### [GIVEN MATERIAL]
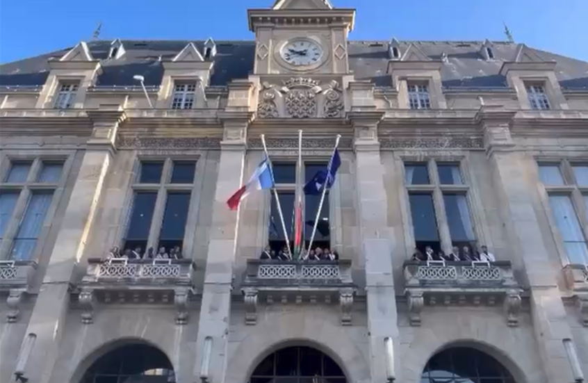 وتم رفع العلم عند الساعة التاسعة وأربعين دقيقة بحضور رئيس البلدية الاشتراكي ماتيو هانوتين، والسكرتير الأول للحزب الاشتراكي أوليفييه فور. ووصف هانوتين اللحظة بأنها "تاريخية"، قائلاً إن المبادرة ليست عملاً نضالياً طويل الأمد، بل تعبير عن اللحظة التي تعيشها فرنسا مع قرار الاعتراف.
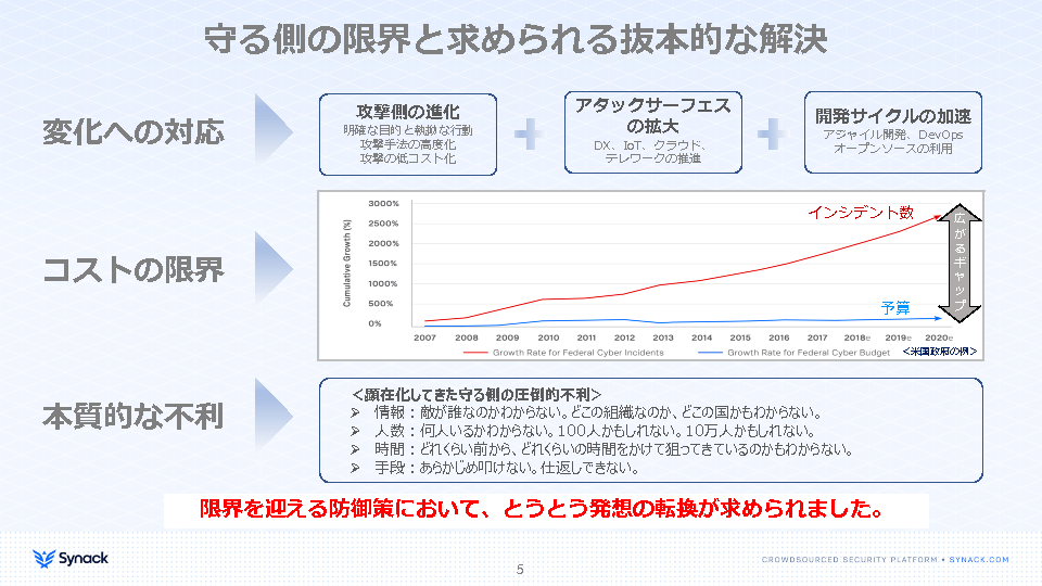 脆弱性への防御策として、多くの企業が「脆弱性診断」や「ペネトレーションテスト」を実施しています。ただ、少人数での画一的な調査が定期的に実施されることが多く、その手法や体制が長年変化しておりません。開発サイクルのスピードは上がり、デジタル化とともに広がり続けるアタックサーフェス、さらには攻撃者は常に進化し続ける状況で、あなたの組織の現状の対策は、十分でしょうか。
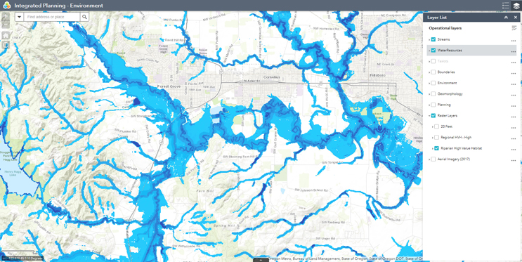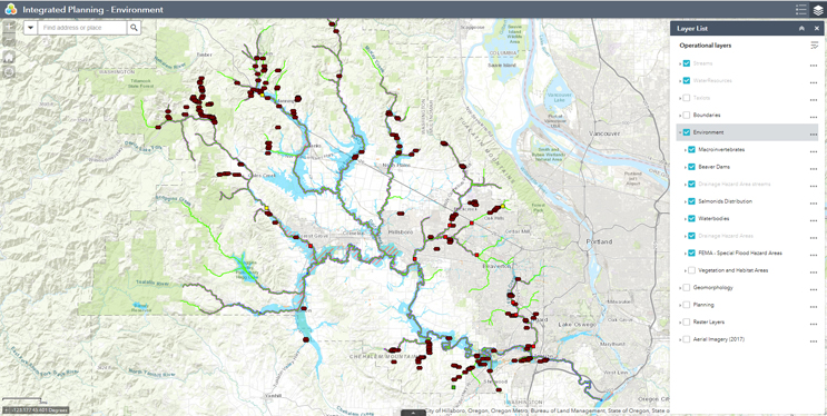 GIS data management, analysis, and visualization are distributed within the District. Digital Solutions ensures that GIS databases and software are up-to-date and working for users, integrates GIS with other business systems, automates data processing workflows, and may assist with some data import and management tasks. GIS analysts typically work within their departments to perform in-depth data analysis and reporting, create geographic products, and import and manage datasets specific to their user bases. To better achieve holistic watershed management, an integrated planning portal was developed to overlay information related to geomorphology, environment, and engineering planning perspectives from multiple sources. It is designed to be easily adapted to new requirements, broadly accessible to District users for integrated planning strategy and watershed assessment, and flexible enough to allow addition of information needed by planners and decision-makers.
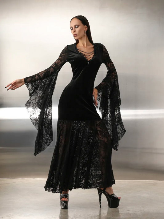 Gothyx® Nocturne Empress – Velvet & Lace Gothic Gown

### [YOUR ASSIGNMENT]
Copy back, word for word, every line between the top of the material above and the line that contains "脆弱性への防御策として、多く", both included, without any pictures.

### [SOLUTION TO THE EXERCISE]
 وتم رفع العلم عند الساعة التاسعة وأربعين دقيقة بحضور رئيس البلدية الاشتراكي ماتيو هانوتين، والسكرتير الأول للحزب الاشتراكي أوليفييه فور. ووصف هانوتين اللحظة بأنها "تاريخية"، قائلاً إن المبادرة ليست عملاً نضالياً طويل الأمد، بل تعبير عن اللحظة التي تعيشها فرنسا مع قرار الاعتراف.
 脆弱性への防御策として、多くの企業が「脆弱性診断」や「ペネトレーションテスト」を実施しています。ただ、少人数での画一的な調査が定期的に実施されることが多く、その手法や体制が長年変化しておりません。開発サイクルのスピードは上がり、デジタル化とともに広がり続けるアタックサーフェス、さらには攻撃者は常に進化し続ける状況で、あなたの組織の現状の対策は、十分でしょうか。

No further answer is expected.